Children with dyslexia will fail to progress in the early stages of learning, although they may seem to have the ability to achieve in line with their peers. This seems to be because they need to be taught very explicitly in order to pick-up and remember what they have been taught. Dyslexia is one of the most commonly occurring developmental differences, and it runs in families, so that if a parent is dyslexic, there is a 50 per cent chance that the child too will be dyslexic. The good news is that with appropriate support dyslexic children can be helped to overcome their problems with reading, writing, spelling and phonology, and even their self-esteem. The bad news is that without this help, they will fall further and further behind, and this will impact not just on their achievement but on their whole persona. 

Research evidence from the USA has shown that children who do not receive the support they need in the early years may need 67.5 hours of one-to-one support in order to catch up with their year group in junior school. This is an enormous amount of support and will inevitably be very expensive to deliver. So why is it that problems become so entrenched and what can we do to help these children reach their potential? My own research with Rod Nicolson suggests that dyslexic children have a problem in learning, first of all in acquiring the building blocks of literacy, links between the grapheme and phoneme and phonological awareness, and then in becoming automatic in their processing, in order to become a fluent reader.  

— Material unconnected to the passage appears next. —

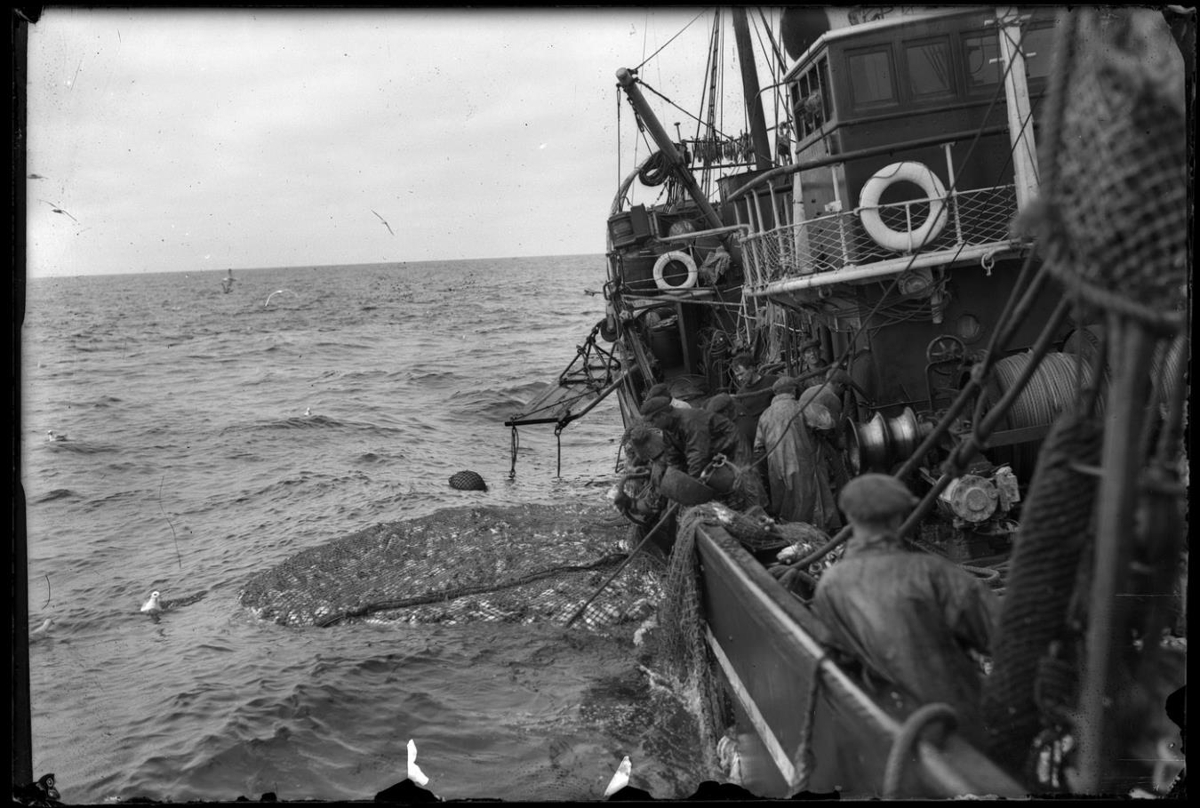 Togari að veiðum. Myndin tekin um borð og sér aftur eftir skipinu frá vanti að brú og keis, einkum stjórnborðsmegin. Belgurinn með afla í flýtur við skipshlið. Toghleri í afturgálga. Sjóklæddir menn á dekki. Rekkverk á brúarvæng með ljósum björgunarhring. Annar á keis. Tveir menn stinga höfði út um brúarglugga. Fiskur hangir aftur á keis. Auður sjór og himinn í bakgrunni.

Traditionally, dyslexia cannot be diagnosed until a child is at least eight, based on a full diagnosis from a qualified psychologist or a specialist teacher. But now screening tests have been designed to empower teachers, who may have a gut feeling that a child has problems, but need evidence to show that their difficulties are greater than others in the same age range. Screening is generally a quick, low-cost test suitable for widespread use, which is administered by trained, but not specialist, personnel. Where a full diagnosis of dyslexia involves an educational psychologist or a specialist teacher, takes two to four hours and generates a full report, a screening test should take no more than 30 minutes per person and should generate a short report. Screening may be given to everyone, or to a subset identified by the teacher as having difficulties.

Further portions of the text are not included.